─── GIVEN DATA ───
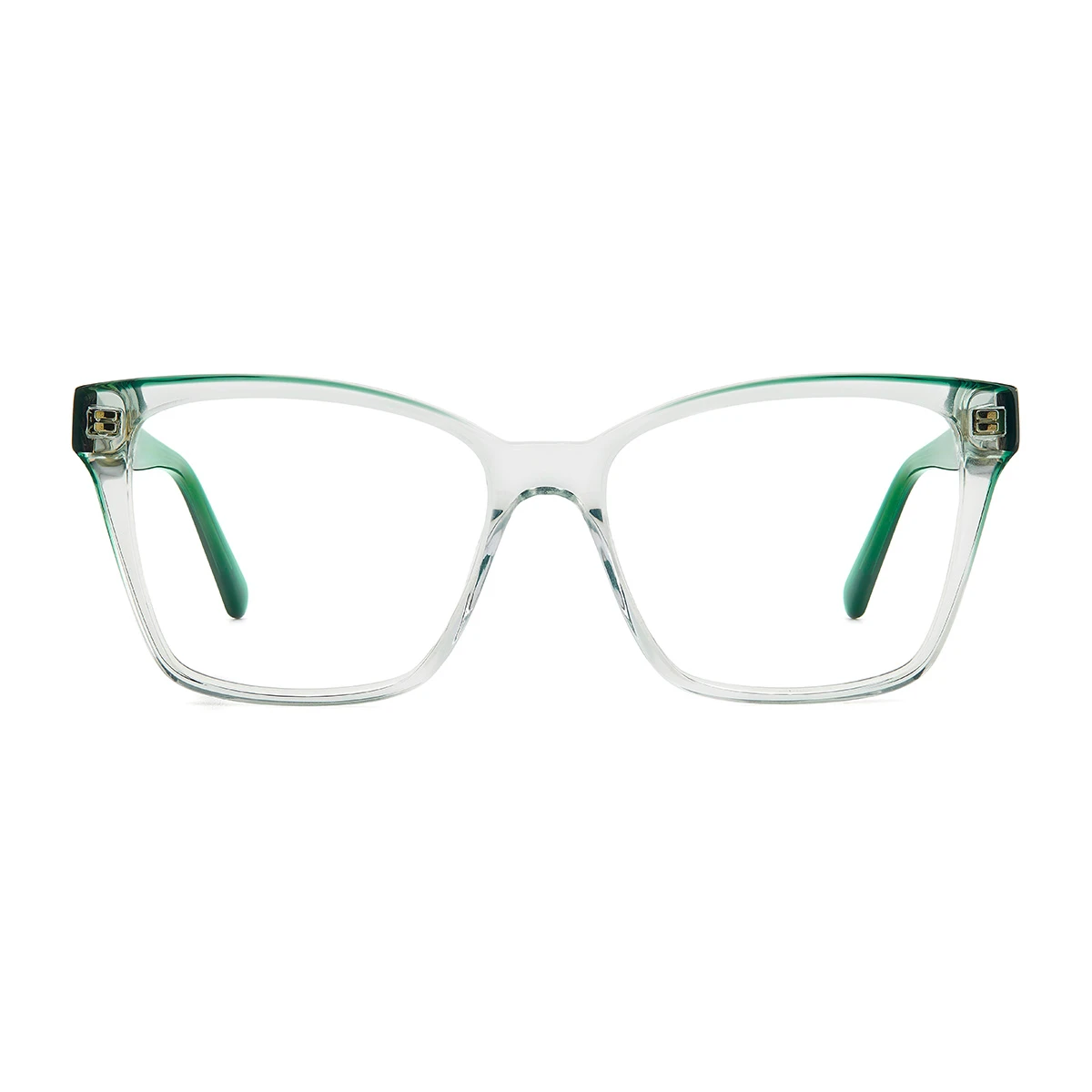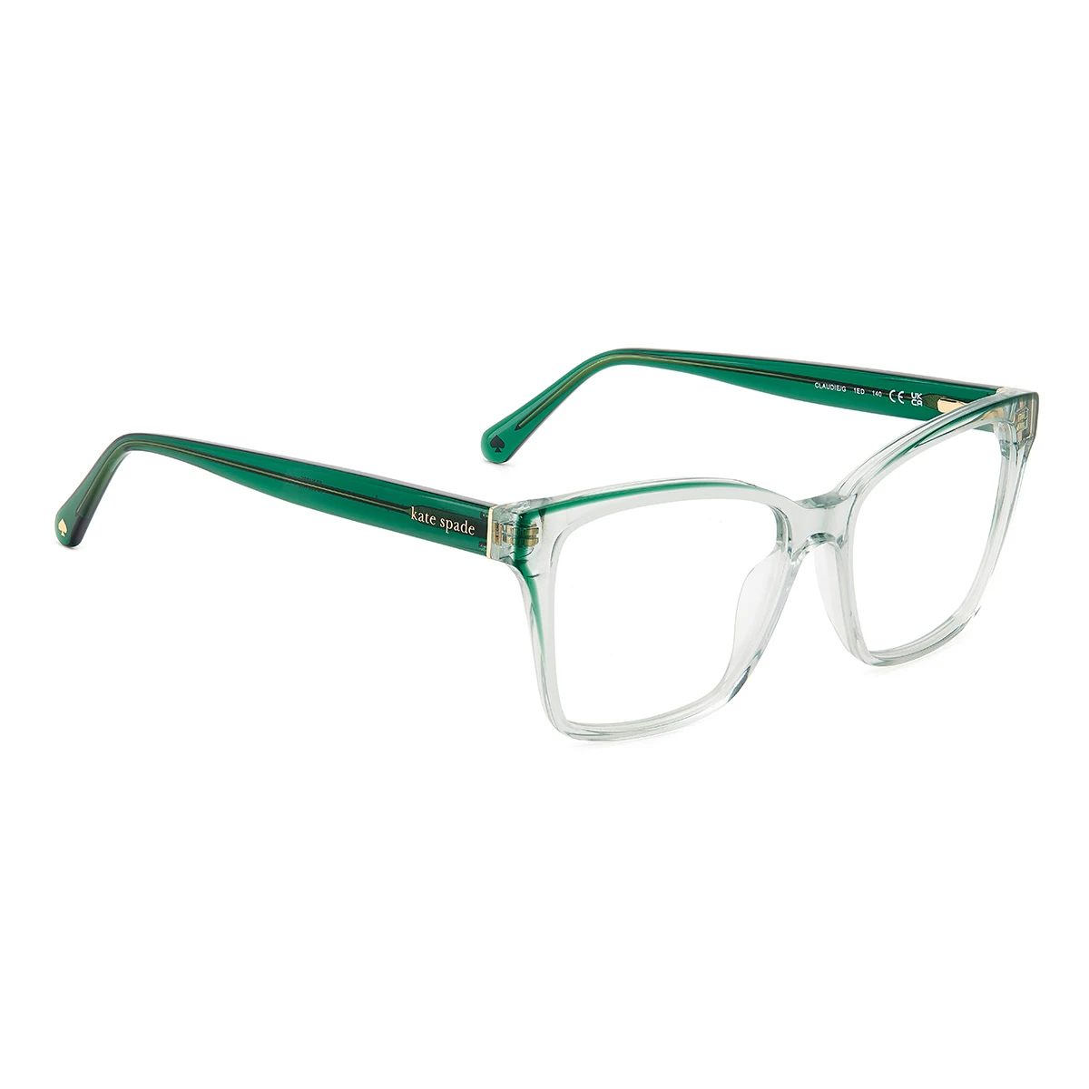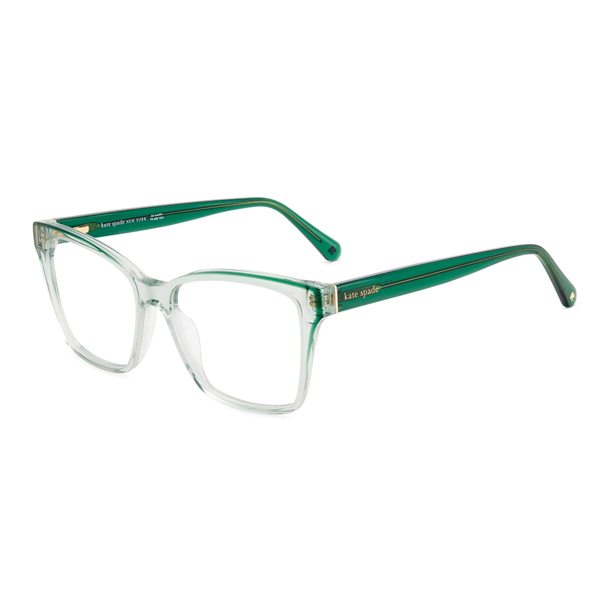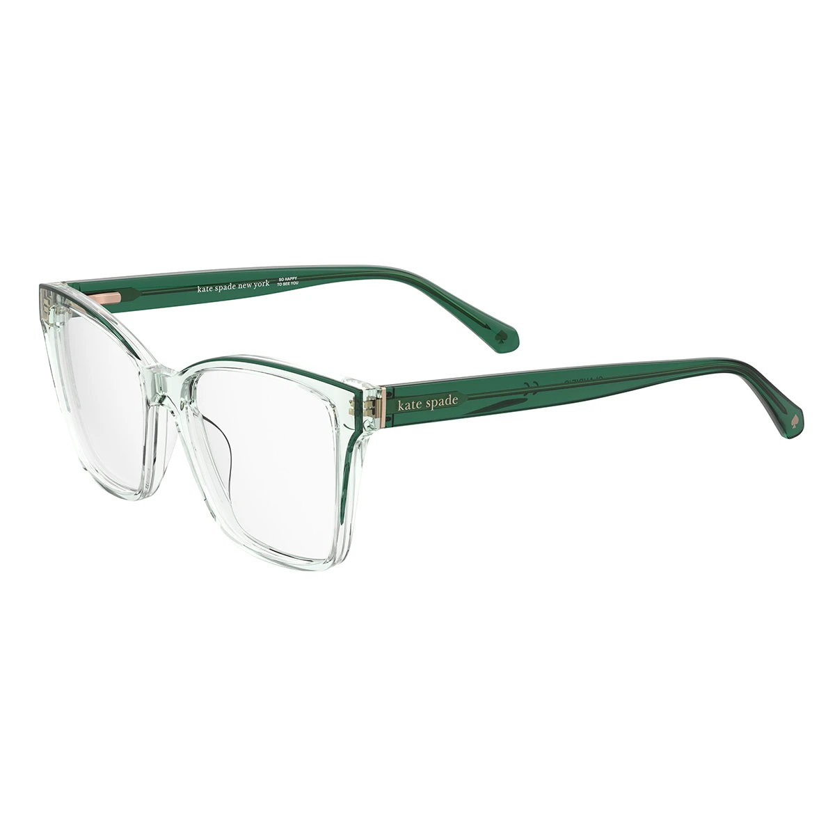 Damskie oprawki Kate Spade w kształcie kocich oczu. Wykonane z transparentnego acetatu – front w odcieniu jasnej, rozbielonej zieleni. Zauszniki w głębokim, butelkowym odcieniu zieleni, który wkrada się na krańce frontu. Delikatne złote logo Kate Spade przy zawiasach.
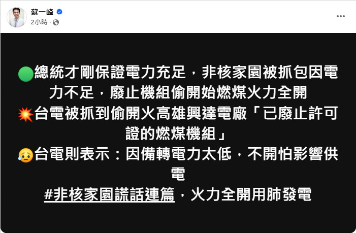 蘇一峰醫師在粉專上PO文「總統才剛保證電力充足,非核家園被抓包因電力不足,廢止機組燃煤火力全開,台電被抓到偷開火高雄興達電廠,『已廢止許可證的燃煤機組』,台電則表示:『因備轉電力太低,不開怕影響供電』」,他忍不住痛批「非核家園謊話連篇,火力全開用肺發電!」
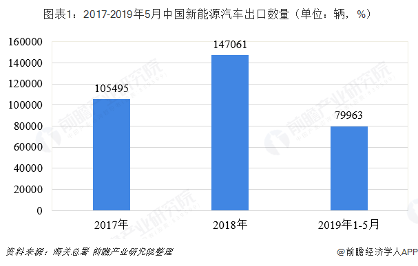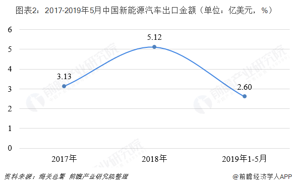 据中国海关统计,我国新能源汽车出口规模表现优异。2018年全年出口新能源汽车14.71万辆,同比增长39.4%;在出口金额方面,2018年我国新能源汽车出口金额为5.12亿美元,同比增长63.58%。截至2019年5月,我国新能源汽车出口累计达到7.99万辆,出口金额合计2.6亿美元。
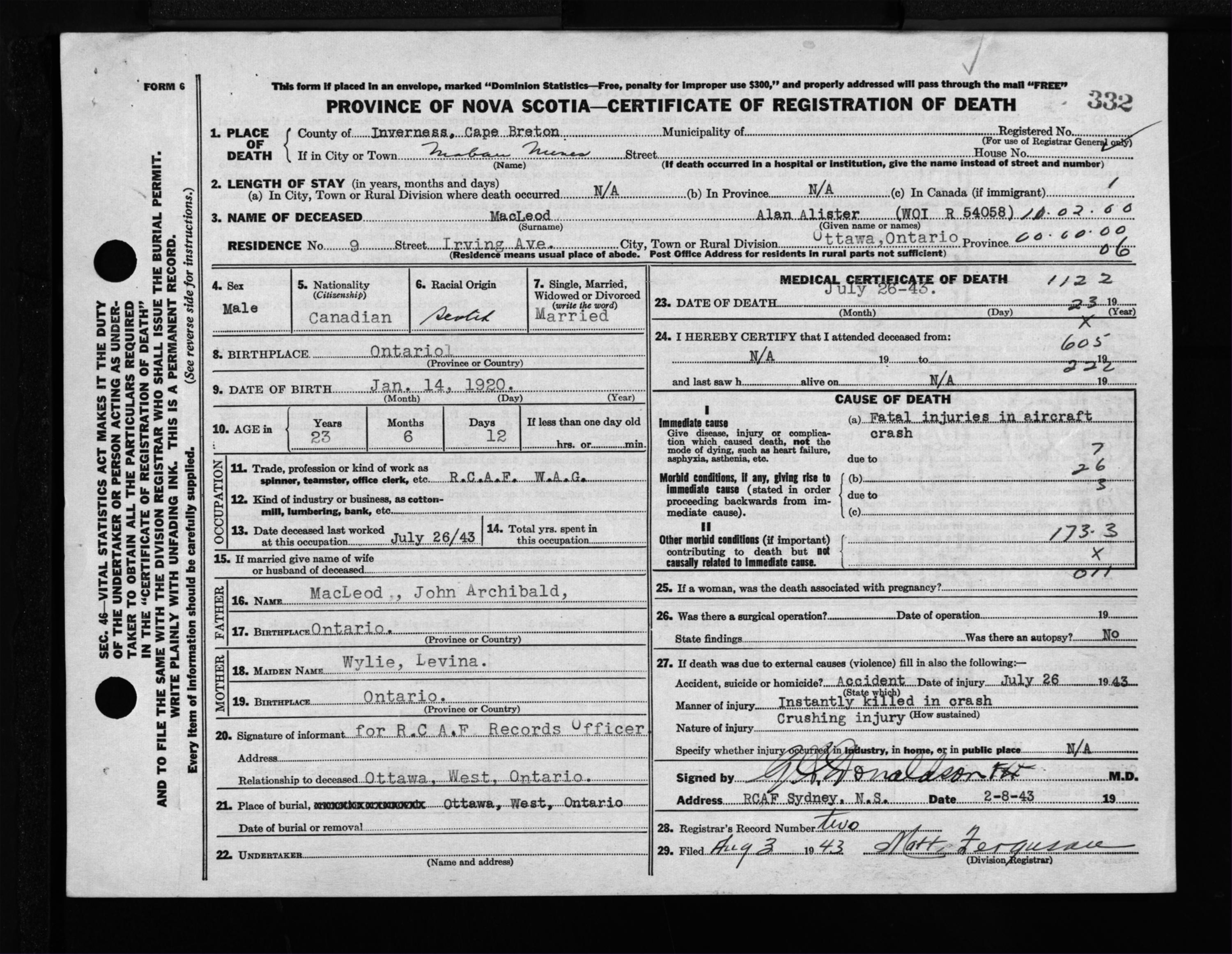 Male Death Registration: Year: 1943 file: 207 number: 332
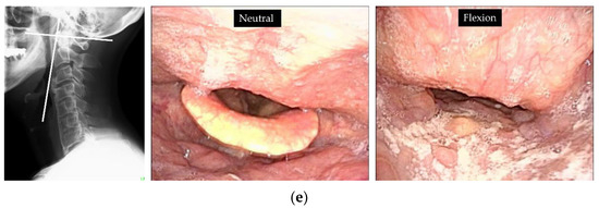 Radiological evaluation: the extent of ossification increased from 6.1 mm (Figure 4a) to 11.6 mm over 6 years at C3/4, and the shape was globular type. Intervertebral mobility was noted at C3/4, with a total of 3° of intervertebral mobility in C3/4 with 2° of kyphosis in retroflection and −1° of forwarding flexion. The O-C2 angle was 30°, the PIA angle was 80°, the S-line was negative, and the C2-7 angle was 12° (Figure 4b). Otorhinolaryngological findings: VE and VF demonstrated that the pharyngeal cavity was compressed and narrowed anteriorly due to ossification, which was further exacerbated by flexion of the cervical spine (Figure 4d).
───
▶ **WHAT YOU SHOULD DO**
Nothing should appear in the answer except the lines from the first line of the data through the line holding "Male Death Registration: Year: 1943", exactly as written, with pictures left out.

▶ **PROBLEM SOLUTION**
 Damskie oprawki Kate Spade w kształcie kocich oczu. Wykonane z transparentnego acetatu – front w odcieniu jasnej, rozbielonej zieleni. Zauszniki w głębokim, butelkowym odcieniu zieleni, który wkrada się na krańce frontu. Delikatne złote logo Kate Spade przy zawiasach.
 蘇一峰醫師在粉專上PO文「總統才剛保證電力充足,非核家園被抓包因電力不足,廢止機組燃煤火力全開,台電被抓到偷開火高雄興達電廠,『已廢止許可證的燃煤機組』,台電則表示:『因備轉電力太低,不開怕影響供電』」,他忍不住痛批「非核家園謊話連篇,火力全開用肺發電!」
 据中国海关统计,我国新能源汽车出口规模表现优异。2018年全年出口新能源汽车14.71万辆,同比增长39.4%;在出口金额方面,2018年我国新能源汽车出口金额为5.12亿美元,同比增长63.58%。截至2019年5月,我国新能源汽车出口累计达到7.99万辆,出口金额合计2.6亿美元。
 Male Death Registration: Year: 1943 file: 207 number: 332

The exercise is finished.